EXERCISE DESCRIPTION:
Below are some records. Return exactly their lines from the one containing "The 2015 Woodlan" through the one containing "There is no", and drop the pictures.

RECORDS FOR PROCESSING:
────────────────
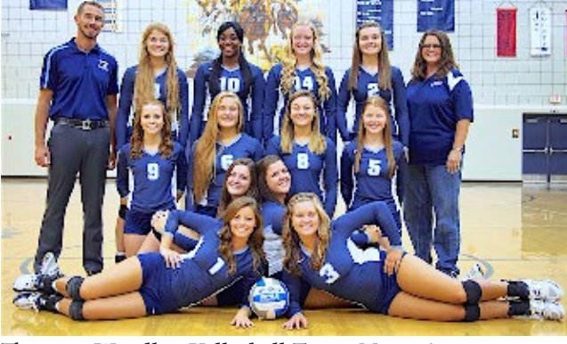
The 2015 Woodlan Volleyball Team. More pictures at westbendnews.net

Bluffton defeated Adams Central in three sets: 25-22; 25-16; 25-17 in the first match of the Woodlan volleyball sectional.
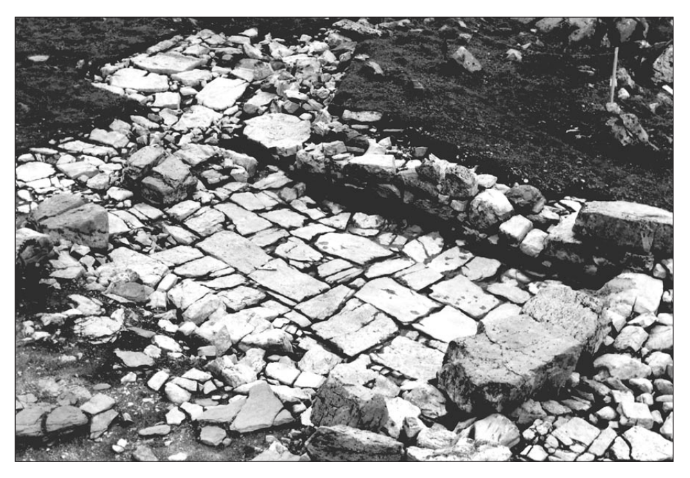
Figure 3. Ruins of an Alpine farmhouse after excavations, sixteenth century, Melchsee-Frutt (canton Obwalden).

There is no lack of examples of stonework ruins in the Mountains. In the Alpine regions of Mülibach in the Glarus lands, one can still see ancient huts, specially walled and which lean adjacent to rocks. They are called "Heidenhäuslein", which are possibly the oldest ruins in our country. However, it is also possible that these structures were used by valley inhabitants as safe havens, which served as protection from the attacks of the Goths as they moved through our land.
────────────────
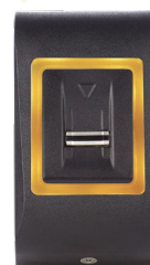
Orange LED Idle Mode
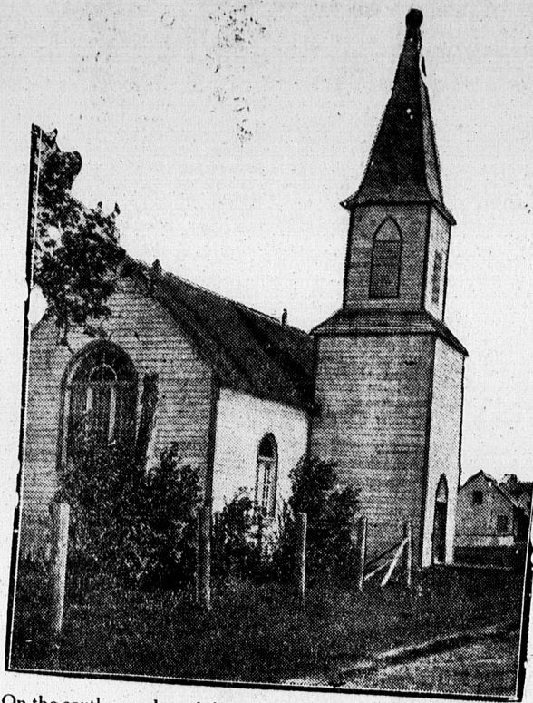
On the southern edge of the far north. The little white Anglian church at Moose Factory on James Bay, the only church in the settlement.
────────────────
TASK RESULT:
The 2015 Woodlan Volleyball Team. More pictures at westbendnews.net

Bluffton defeated Adams Central in three sets: 25-22; 25-16; 25-17 in the first match of the Woodlan volleyball sectional.
Figure 3. Ruins of an Alpine farmhouse after excavations, sixteenth century, Melchsee-Frutt (canton Obwalden).

There is no lack of examples of stonework ruins in the Mountains. In the Alpine regions of Mülibach in the Glarus lands, one can still see ancient huts, specially walled and which lean adjacent to rocks. They are called "Heidenhäuslein", which are possibly the oldest ruins in our country. However, it is also possible that these structures were used by valley inhabitants as safe havens, which served as protection from the attacks of the Goths as they moved through our land.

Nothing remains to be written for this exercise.